Through making efforts aimed at self-mastery (Human Revolution), our reasoning and understanding the events of reality - become enriched by the mindset of learning and of gaining insight.  Efforts and dedication to transform existing situations towards benefit for self & others display the highest state of mind.

In Buddhist terms, the state of study, compassion and self development is called the Bodhisattva world of mind - leading to enlightenment (the Buddha state).   Accordingly, one’s actions emerging from the world of Bodhisattva-Buddha is the true cause for leading a life of wisdom, compassion and courage.

The Universal Law (MyohoRengeKyo) manifests itself in the spectrum of all states of mind. To distinguish the highest state iof human nature - the word (Nam) is added to the words referring to the Universal Law (Myoho-Renge-Kyo):

Nam - expresses the ‘subjective aspect’, being the individual’s desire for harmony with -
Myoho-Renge-Kyo being the ‘objective aspect’ of the reality of life.

In the Orally Transmitted Teachings (p. 218), Nichiren states:

“The blessings and wisdom of the objective and subjective worlds are immeasurable. Nam Myoho Renge Kyo  has these two elements of blessings and wisdom”.

Understanding the word Nam as one’s wisest desire - to be in harmony and devotion to the Universal Law, gives the phrase NamMyohoRengeKyo a dimension manifesting the fusion of one’s own mind - with the reality of life.

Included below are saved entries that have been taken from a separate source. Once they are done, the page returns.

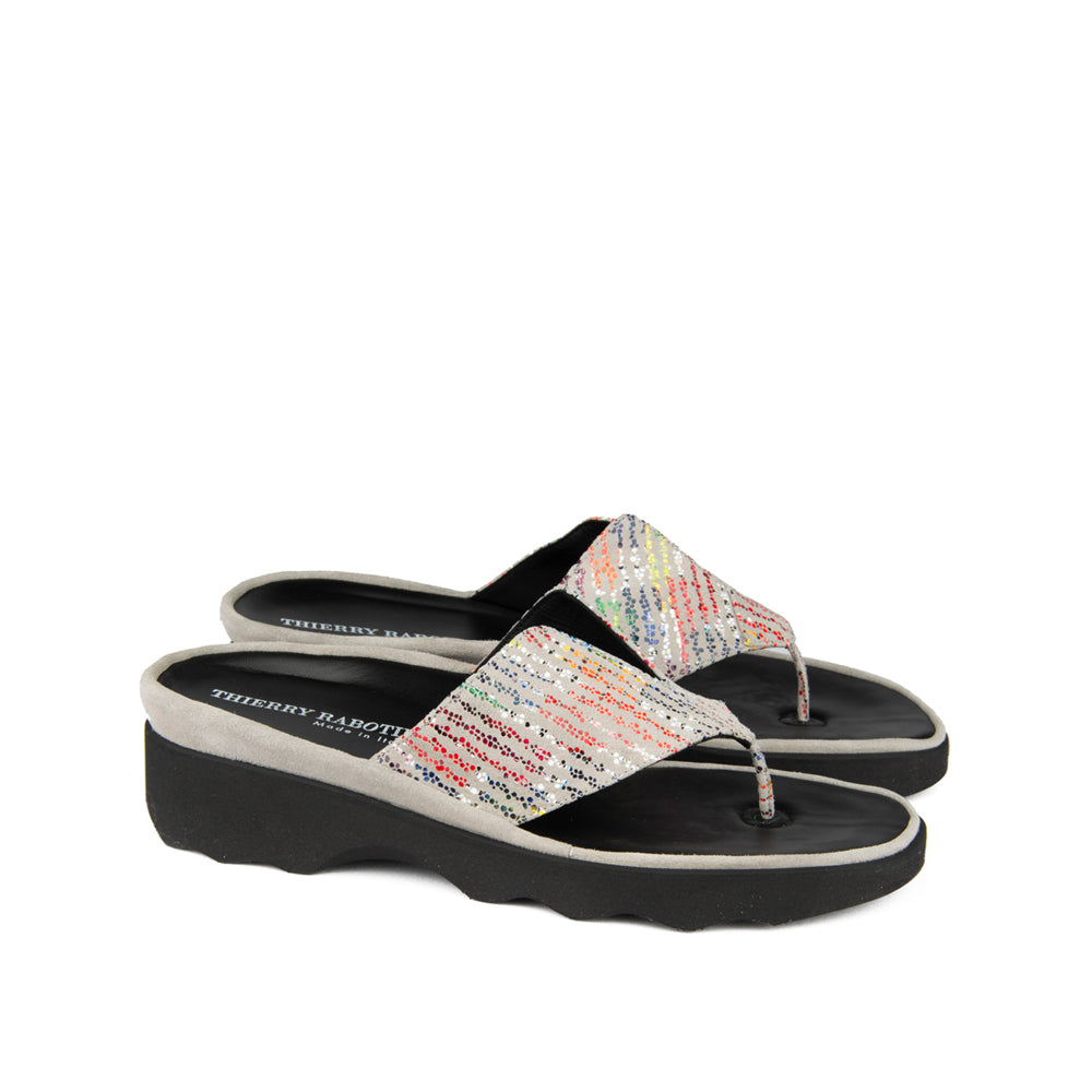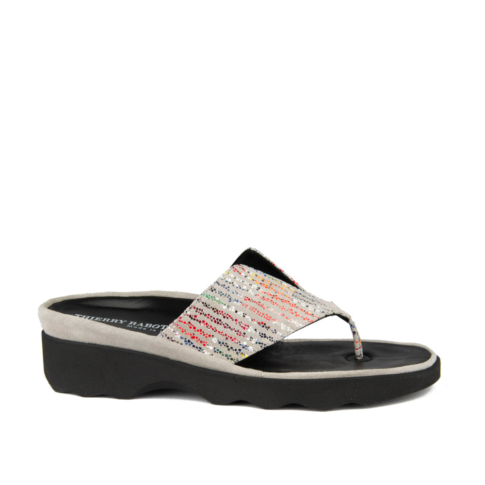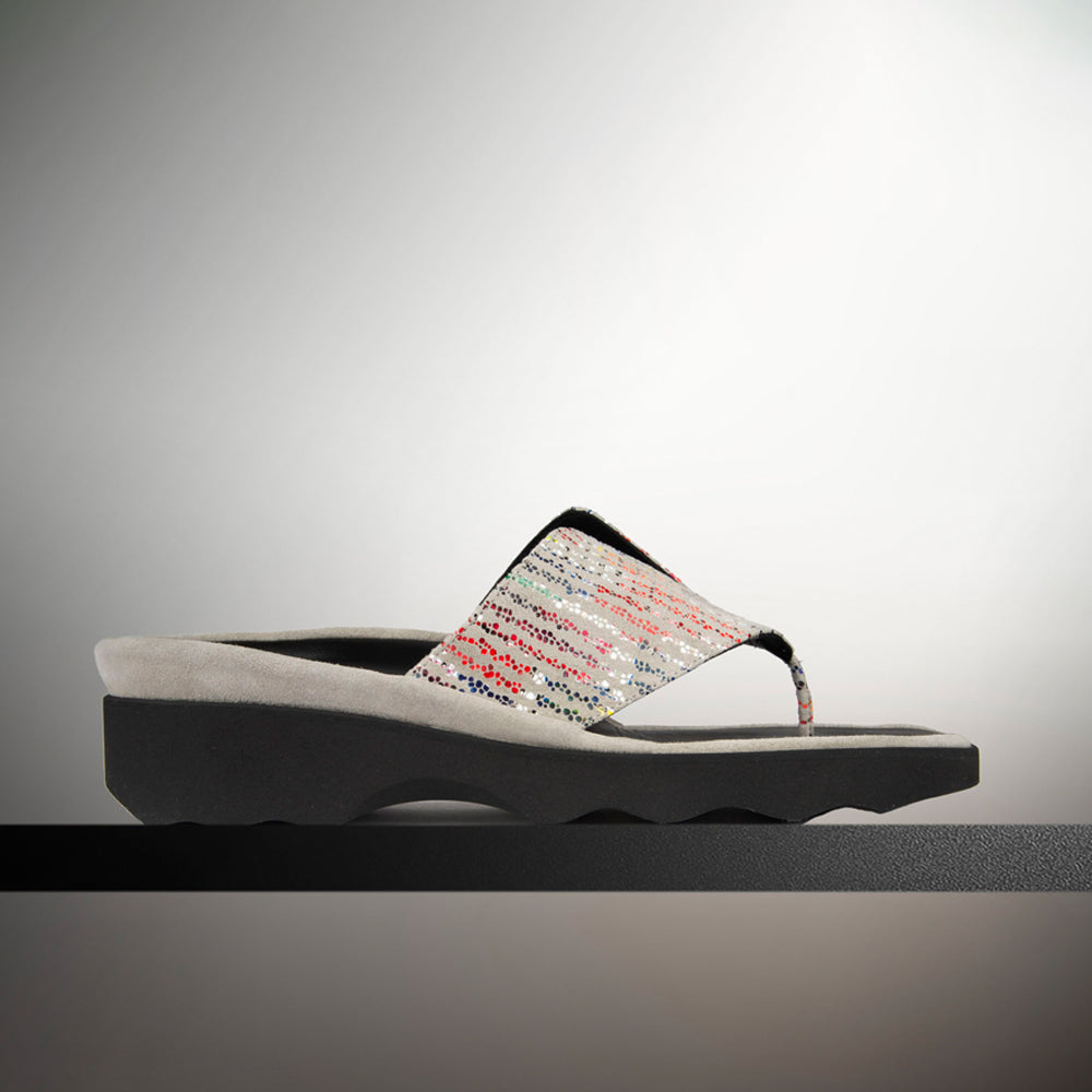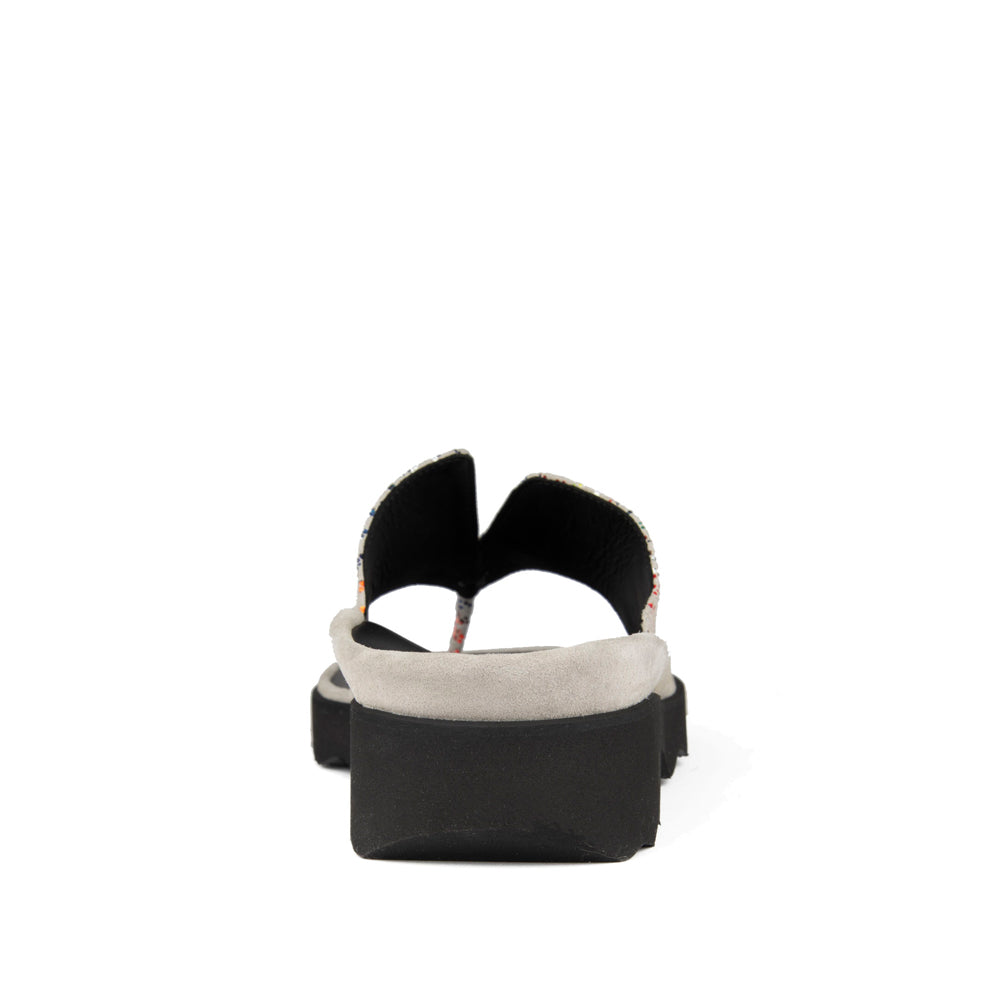 Effortlessly stylish and ultra-comfortable, the Wilt flip flop sandal features soft grey suede accented with playful multicolored dots. Designed with a cushioned footbed and a lightweight platform sole, it offers all-day support with a modern, eye-catching touch—perfect for relaxed summer days or casual chic looks.
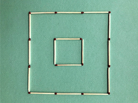 Tändsticksproblem #2 Flytta fyra stycken tändstickor så att det bildas tre kvadrater.
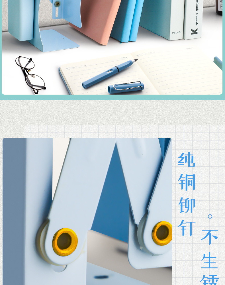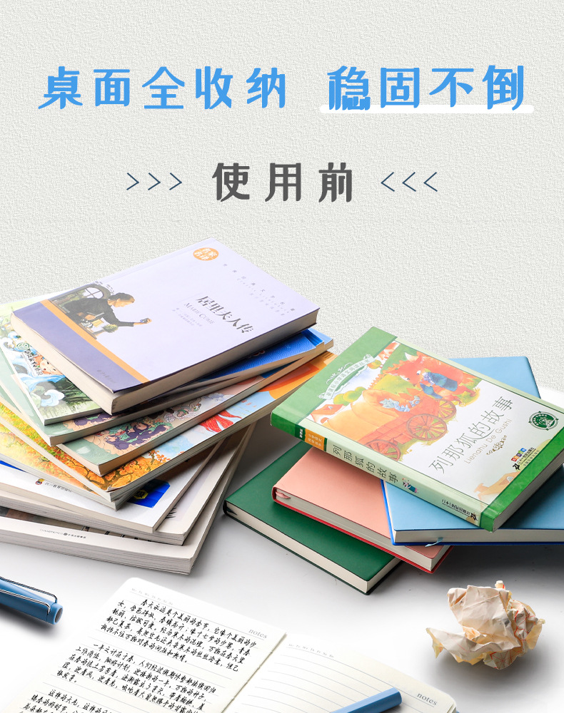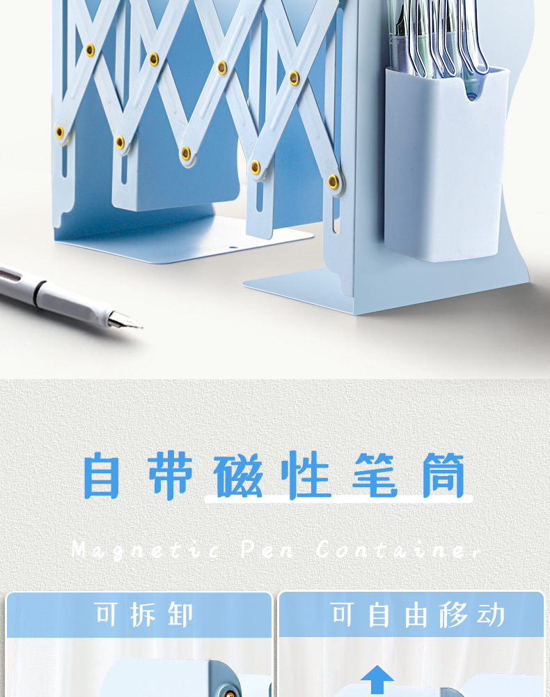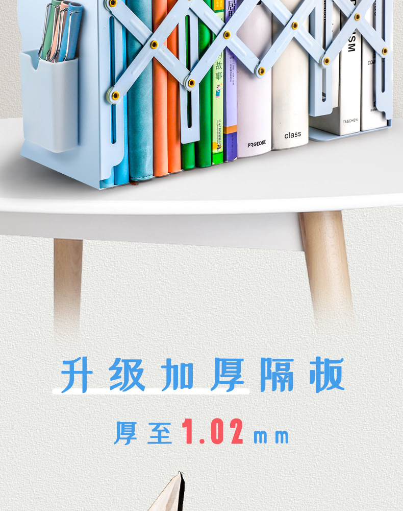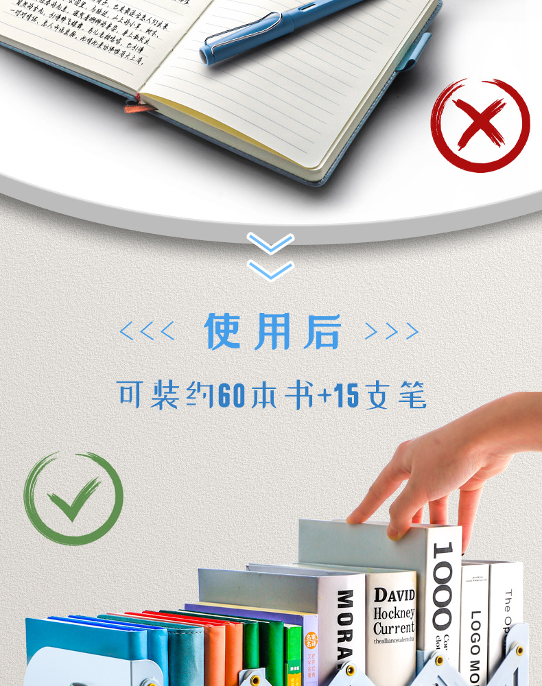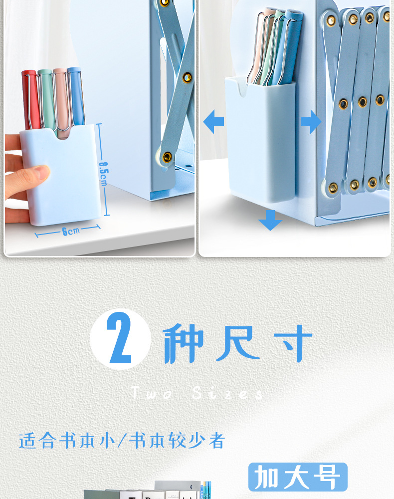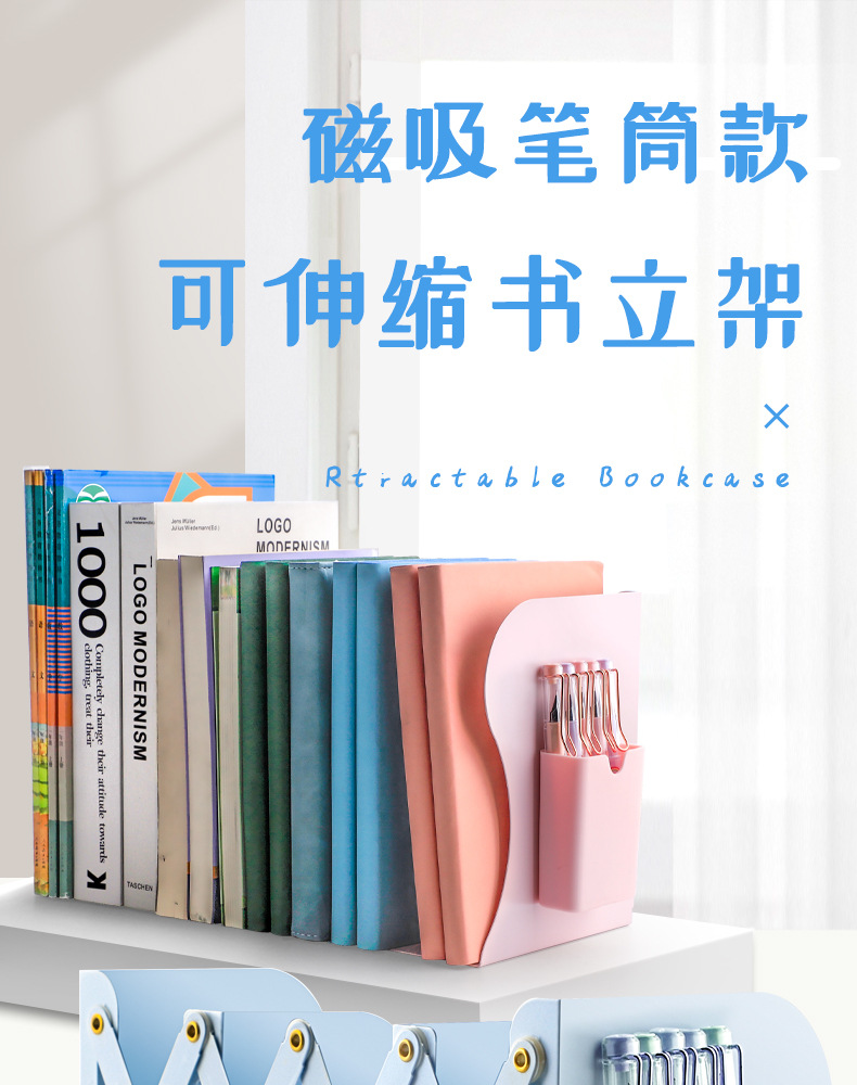 Libro retráctil con portalápices, estantería, escritorio integrado, estante de almacenamiento de libros, bisel para estudiantes de secundaria, clip de libro, plegado y fijo
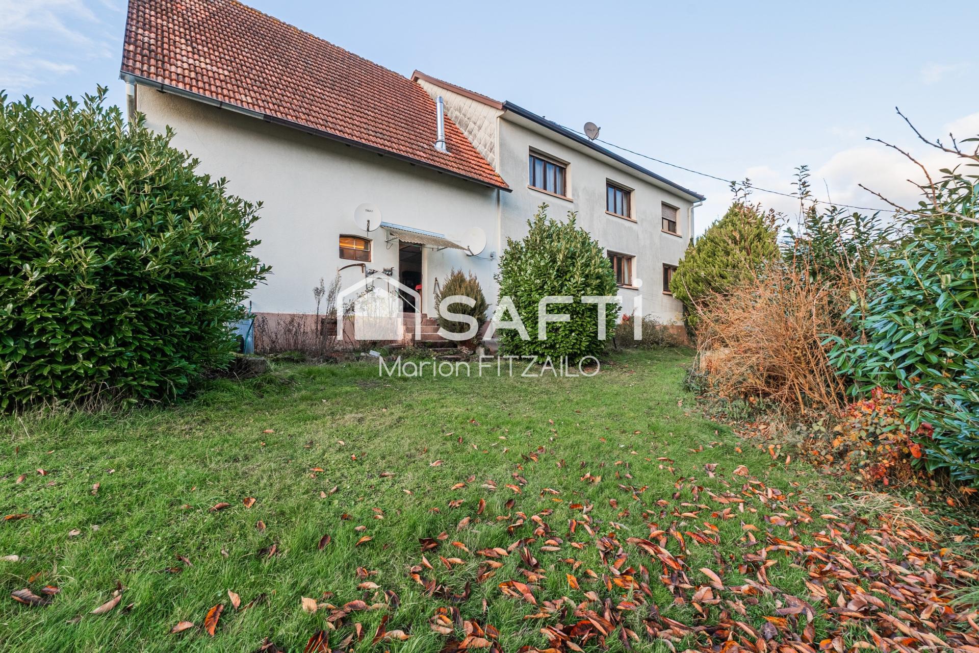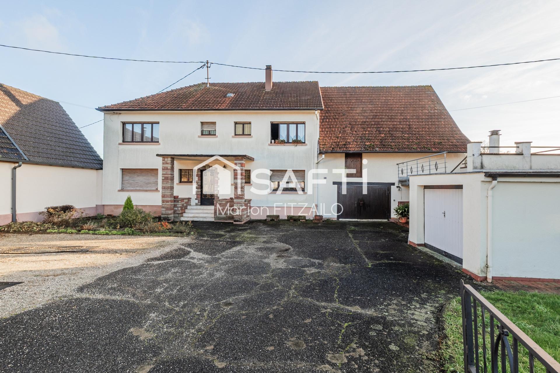 Située dans le village paisible de Neuhaeusel (67480), cette maison des années 1970 offre un cadre de vie agréable entre nature et accessibilité. Édifiée sur une parcelle de 720 m², elle développe une surface habitable de 179,67 m² répartie en 6 pièces, actuellement divisées en deux logements 3 pièces, une configuration idéale pour un projet locatif, familial ou intergénérationnel, tout en offrant la possibilité simple de réunir l’ensemble pour créer une seule grande maison. Le chauffage est assuré par un mode au fioul, garantissant confort et chaleur. Le bien dispose également de deux garages, d’une cour, ainsi que d’un jardin agréable à l’arrière.

Chanting to the Gohonzon - as an expression of Fusion of Reality and Wisdom

“The fact that we have the Buddha nature inherent within us, however, does not in itself mean that we actually achieved Buddhahood. We can awaken to this Buddha nature when our subjective wisdom completely fuses with the objective reality (the Law).

To make this possible for all, Nichiren embodied his own enlightenment (oneness of Person and Law) in an object of devotion called the Gohonzon, a scroll with the words Nam-Myoho-Renge-Kyo down the center in bold characters.

Today, ‘the Gohonzon’ corresponds to the object, while ‘our practice’ to the Gohonzon corresponds to the subject or subjective wisdom. When we chant Nam-Myoho-Renge-Kyo to the Gohonzon, the subject-object dichotomy dissolves, enabling us to fuse with the macrocosm. In that moment, we manifest the state of Buddhahood”.